Most probably you’ll be trying to identify some alternatives now. Fortunately or not, there are still some options to change the collision course for most of the Corporate Innovation strategies and some resistant to change organizations.
The first is based on putting the focus on people applying the Sociocracy concept in organizations. The objective is to achieve organizational agility through self-organization, the autonomy increase, and effective and collaborative work methods. Nevertheless, such a challenge requires a level of change even greater than the one we are currently asking for.
Management by algorithm
The second is based on the opposite, eliminating the human from the equation. The current management stream based on algorithms (Management by algorithm) allows this option. Companies like Uber or Google apply algorithms to reduce the operational and decision load using algorithms. If they succeed, why not apply it gradually into companies to reach the maximum possible level? Starting with the operational departments full of repetitive tasks and ending with the most creative business units. A company without workers, the maximum “Artificial Corporation” representation.
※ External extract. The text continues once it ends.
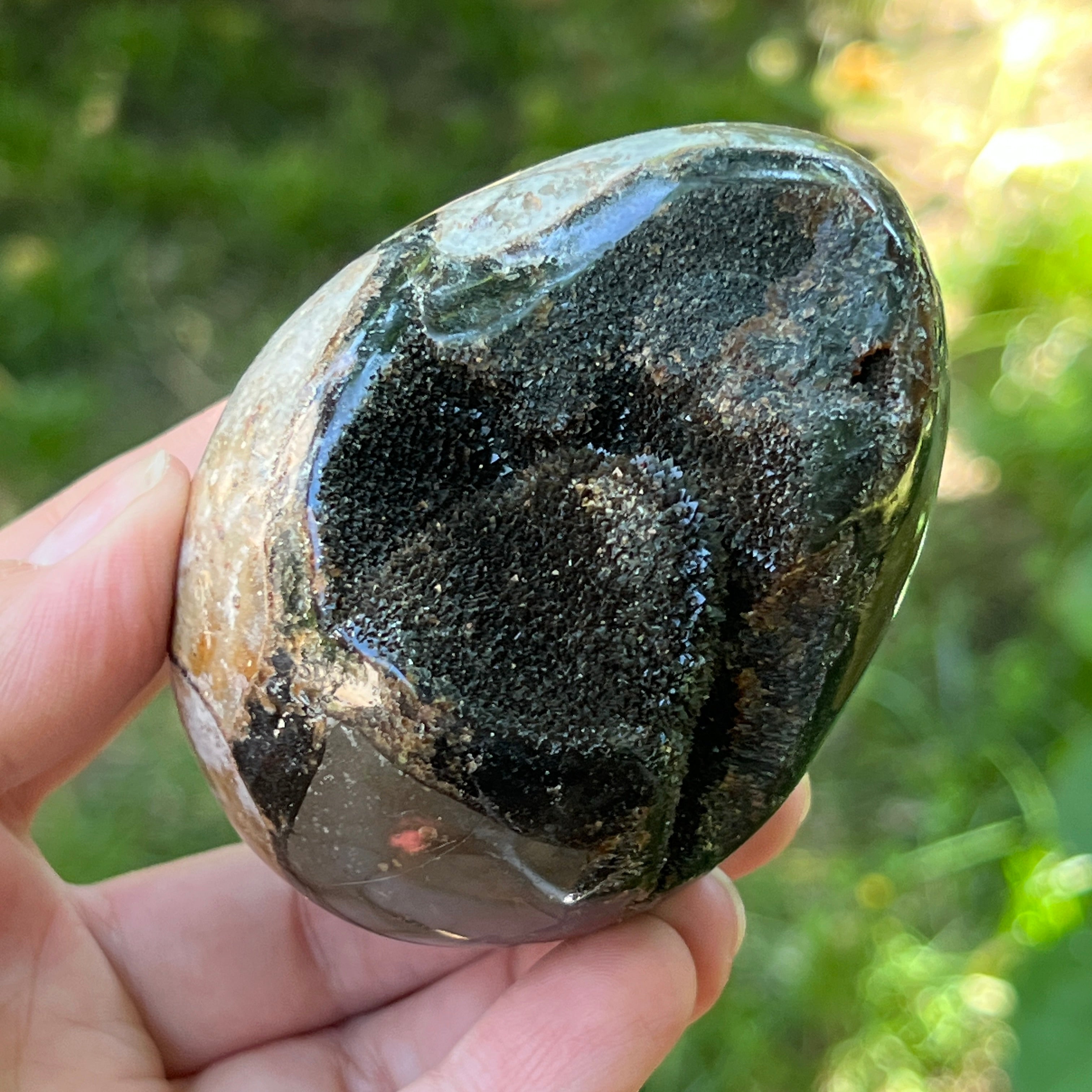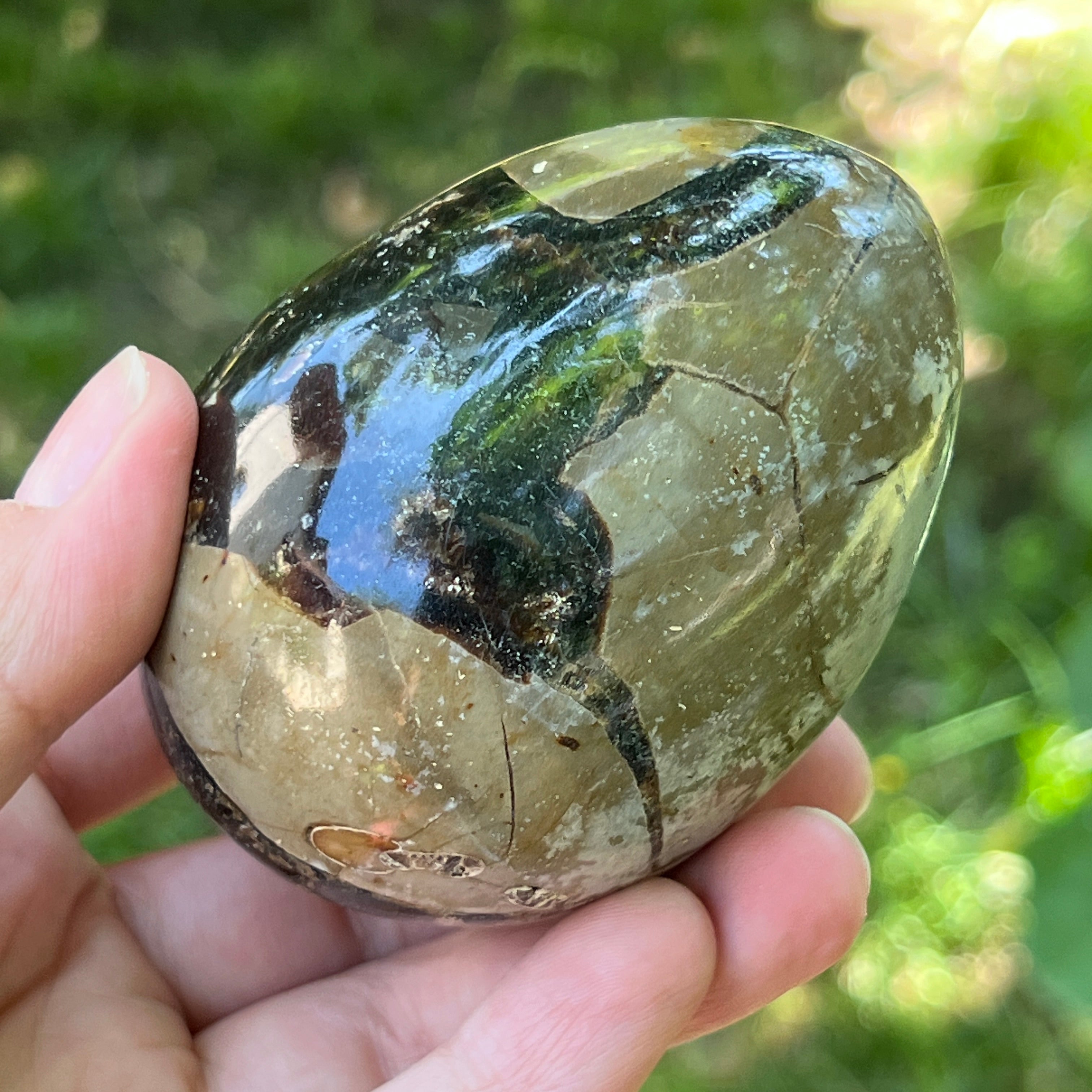 Septaria est considérée comme une pierre qui nous rapproche de l'énergie de la terre, ce qui nous donne la vigueur et la force dont nous avons besoin. Il est utilisé dans les méditations pour nous rappeler qui nous sommes, quels sont nos pouvoirs et pour nous libérer des traumatismes émotionnels.
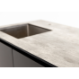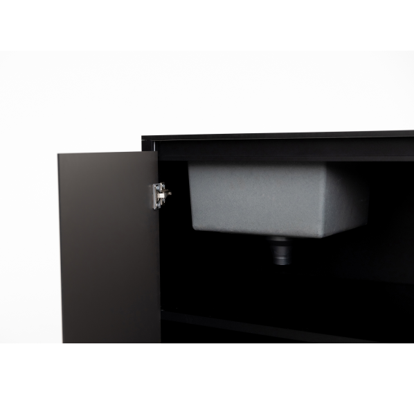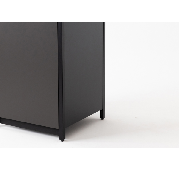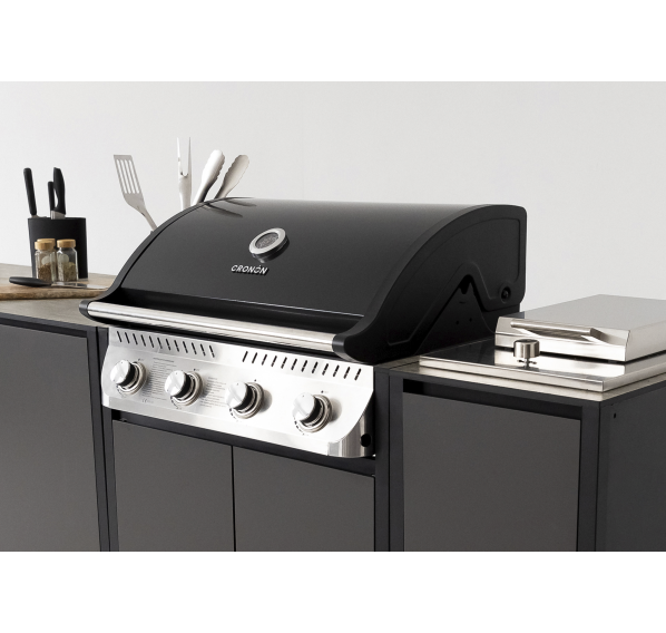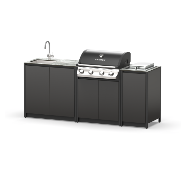 Барбекю комплекс из металла закрытого типа из трех модулей с мойкой, газовым грилем и газовой плитой.

The spin-off that swallows the matrix
The third is based on applying the change itself. Being born again from small business embryos that we should create from scratch. The tech, flexible and agile spin-off that swallows the matrix. This alternative, fully compatible with the other two, represents the maximum disruption for current organizations. Taking advantage of good financial times, organizations eager to consistent innovation and persistent evolution should create new companies that end up cannibalizing and phagocytizing the current business. If progress and new tech companies have to invade us unavoidably, I prefer well-known people than Google.
I finish here this kind of warning aloud thinking that it is still possible. Any of the mentioned above solutions are feasible. The main obstacle could be they require a strong will power to break the expected change resistance, perhaps too much for large modern corporations.
We'll see. If they aren’t the ones leading the change, others will. Markets and users do not wait.